Parvalbumin (PV) interneurons act as the brain’s rhythm keepers. By regulating local circuit activity and maintaining excitation–inhibition balance, they help stabilize cortical network function. When these cells malfunction or decline—as seen in disorders such as schizophrenia and epilepsy—neural networks can become unstable, leading to cognitive and behavioral disruptions. Yet despite their importance, PV interneurons have been difficult to generate in vitro, with multiple studies noting the challenge of producing subtype‑specific PV cells from stem cell or fetal sources.

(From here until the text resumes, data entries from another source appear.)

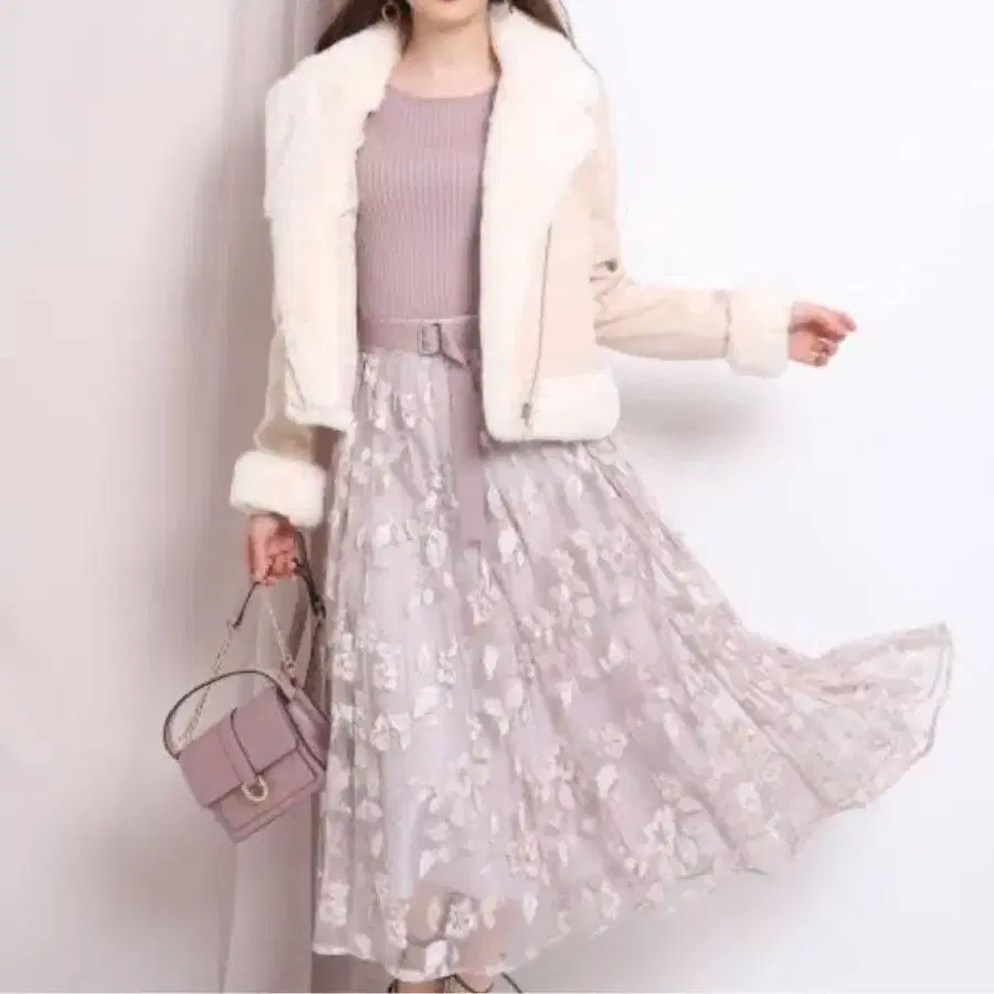 리랜드트루 니트 도킹 꽃무늬 자수 원피스
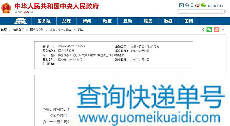 获悉,3月20日,国务院办公厅发布了《国务院2017年立法工作计划》(以下简称《计划》)。《计划》明确提到要将“保障快递安全,保护用户合法权益”等列入2017年立法工作计划。具体为,为了保障快递安全,保护用户合法权益,加强对快递市场的监督管理,促进快递业健康发展,制定快递条例(交通运输部、邮政局起草)。
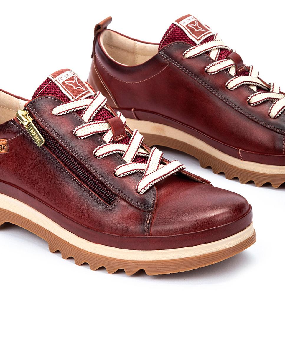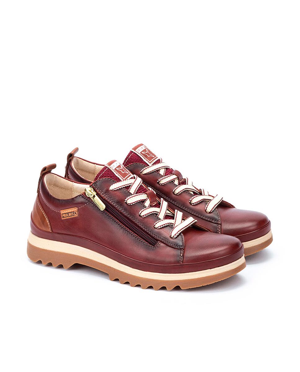 Zapatillas casuales para mujer de Pikolinos, pensadas para brindar estilo y comodidad a diario. Confeccionadas en piel en tono caoba con detalles dorados, cuentan con cierre de cordones y cremallera para mayor practicidad. Su suela extraligera de 4 cm y la tecnología Shock Comfort ofrecen flexibilidad, mientras la plantilla acolchada con memory foam garantiza confort total.
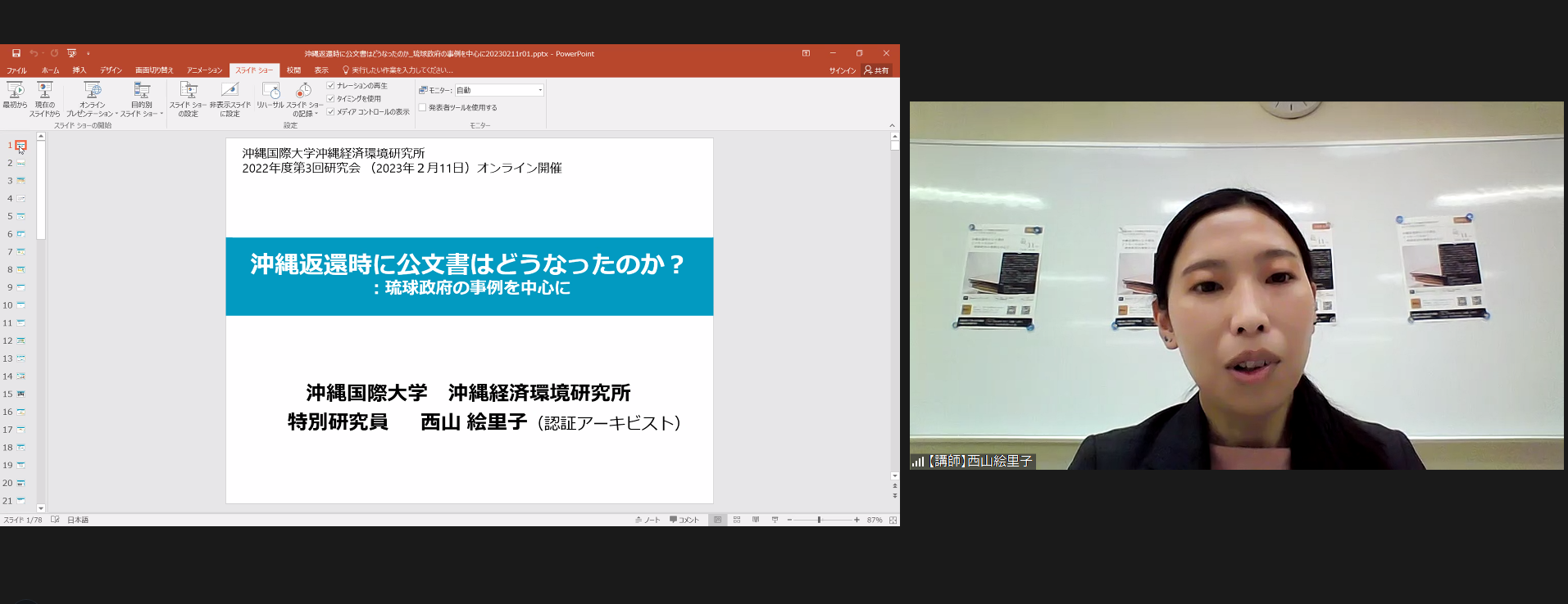 沖縄経済環境研究所では2023年2月11日(土)第3回オンライン研究会「沖縄返還時に公文書はどうなったのか?:琉球政府の事例を中心に」を開催いたしました。

A team at Lund University now reports a major step toward overcoming that barrier. In a study published in Science Advances titled “A distinct lineage pathway drives parvalbumin chandelier cell fate in human interneuron reprogramming,” the researchers describe a method to directly reprogram human glial cells into PV interneurons without passing through a stem‑cell stage. The approach builds on their earlier work but adds a deeper understanding of the lineage transitions that drive PV identity.
“In our study, we have for the first time succeeded in reprogramming human glial cells into parvalbumin neurons that resemble those that naturally exist in the brain,” said Daniella Rylander Ottosson, PhD, senior author and researcher in regenerative neurophysiology at Lund University. “We have also been able to identify several key genes that seem to play a crucial role in the transformation.”
The team used human stem‑cell–derived glial progenitor cells (hGPCs) and introduced a defined set of five transcription factors—Ascl1, DLX5, LHX6, Sox2, and FOXG1—to drive interneuron reprogramming. Within weeks—far faster than traditional stem‑cell differentiation protocols—the glial cells adopted neuronal morphology, expressed GABAergic markers, and developed electrophysiological properties consistent with inhibitory interneurons.
Single‑nucleus RNA sequencing revealed that the reprogrammed cells rapidly transitioned through distinct developmental states, ultimately forming several neuronal clusters. Among them was a robust PV‑enriched population with molecular signatures characteristic of chandelier cells. The analysis also uncovered a previously uncharacterized lineage trajectory leading to PV fate, including dynamic gene programs that appear essential for establishing the chandelier‑cell phenotype.
The work addresses a long‑standing challenge in the field: generating subtype‑specific PV interneurons efficiently and reliably. Because glial cells are abundant, proliferative, and widely distributed throughout the brain, direct reprogramming offers a potential route to repair inhibitory circuits affected in neurological and psychiatric disorders. However, transferring glia reprogramming to the human system has been difficult, in part because hGPCs develop relatively late, the authors noted. The researchers overcame this hurdle by using a stem‑cell–derived hGPC protocol that produces oligodendrocyte precursor–like cells, which they and others have previously shown can be successfully converted into interneurons.
The discovery of a PV‑specific lineage pathway also highlights previously unknown PV‑fate genes that could inform future refinements to reprogramming strategies. As for the future of brain cell engineering, the ability to generate mature human PV interneurons quickly and reproducibly may become a cornerstone of future circuit‑repair therapies.